▶ _PROBLEM TO WORK ON_
Copy out the full data exactly as given; pictures should not be included.

▶ _MATERIAL SUPPLIED_

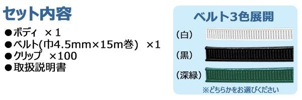 | セット内容 | ボディ ベルト(巾4.5mm×15m巻) クリップ×100 取扱説明書 |
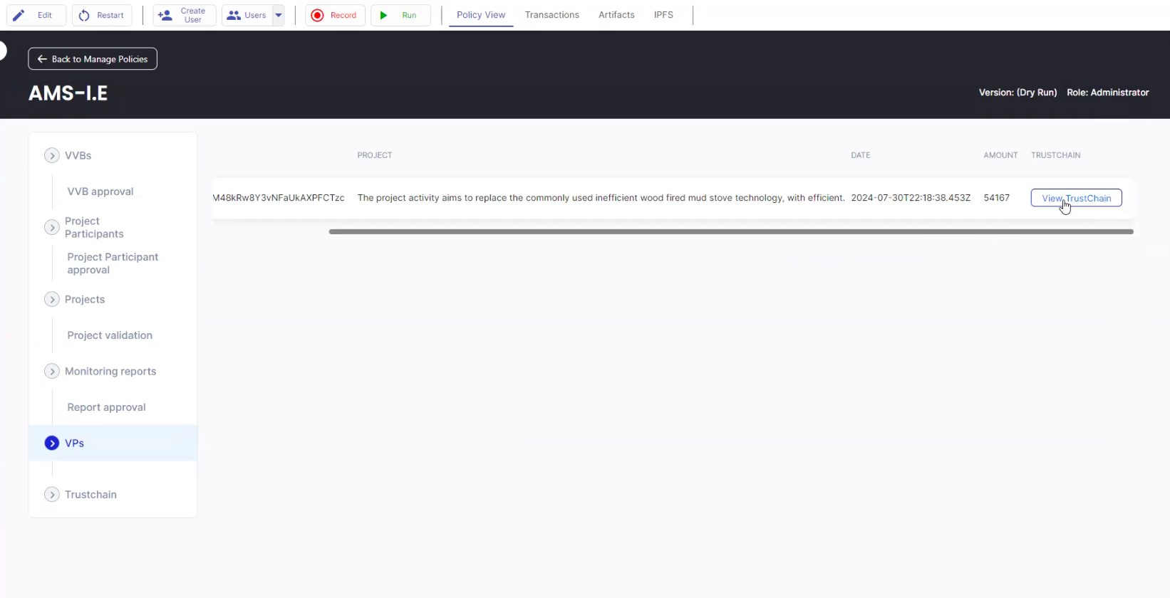 7. Log in as the SR and select the “Project Participants” or the “VVBs” tab to view the documents submitted by the Project Participant and by the VVB. The SR can approve their requests by clicking on the “Approve" button.
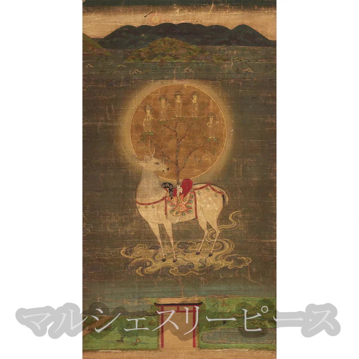 - 鎌倉時代 春日鹿 曼荼羅図 仏画 仏図 掛け軸 画芯 未表装
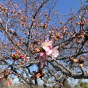 花の色がソメイヨシノなどより濃いことや花期(1か月程度)が比較的長いこと、 2月下旬から咲き始める早咲きであることから人気が高く、 最近多くの場所で植えられるようになりました。 開花期にはニュース番組で「一足先に咲き始めました・・・」と報道されます。
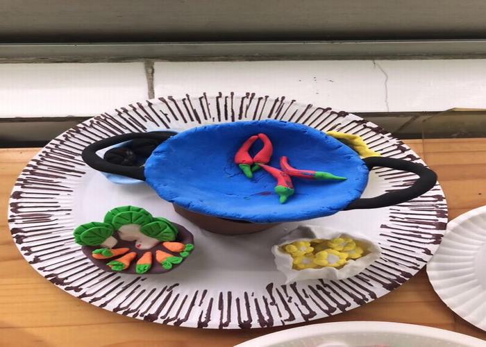 除了常規(guī)的書寫、繪畫、網(wǎng)絡(luò)搜索等學(xué)習(xí)活動(dòng),一年級(jí)的孩子們還根據(jù)各國(guó)飲食文化的不同,開展了“橡皮泥美食創(chuàng)意作品展”。
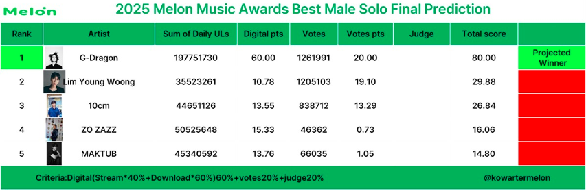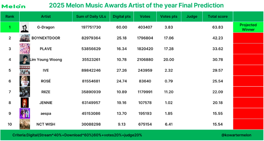 G-DRAGON、BOYNEXTDOOR、PLAVEが上位予想です。
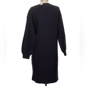 Sleek ribbed knit midi dress by Ann Taylor. Long balloon sleeves with fitted cuffs. Minimal, elegant silhouette. Soft stretch fabric for comfort.

▶ _REPLY_
 | セット内容 | ボディ ベルト(巾4.5mm×15m巻) クリップ×100 取扱説明書 |
 7. Log in as the SR and select the “Project Participants” or the “VVBs” tab to view the documents submitted by the Project Participant and by the VVB. The SR can approve their requests by clicking on the “Approve" button.
 - 鎌倉時代 春日鹿 曼荼羅図 仏画 仏図 掛け軸 画芯 未表装
 花の色がソメイヨシノなどより濃いことや花期(1か月程度)が比較的長いこと、 2月下旬から咲き始める早咲きであることから人気が高く、 最近多くの場所で植えられるようになりました。 開花期にはニュース番組で「一足先に咲き始めました・・・」と報道されます。
 除了常規(guī)的書寫、繪畫、網(wǎng)絡(luò)搜索等學(xué)習(xí)活動(dòng),一年級(jí)的孩子們還根據(jù)各國(guó)飲食文化的不同,開展了“橡皮泥美食創(chuàng)意作品展”。
 G-DRAGON、BOYNEXTDOOR、PLAVEが上位予想です。
 Sleek ribbed knit midi dress by Ann Taylor. Long balloon sleeves with fitted cuffs. Minimal, elegant silhouette. Soft stretch fabric for comfort.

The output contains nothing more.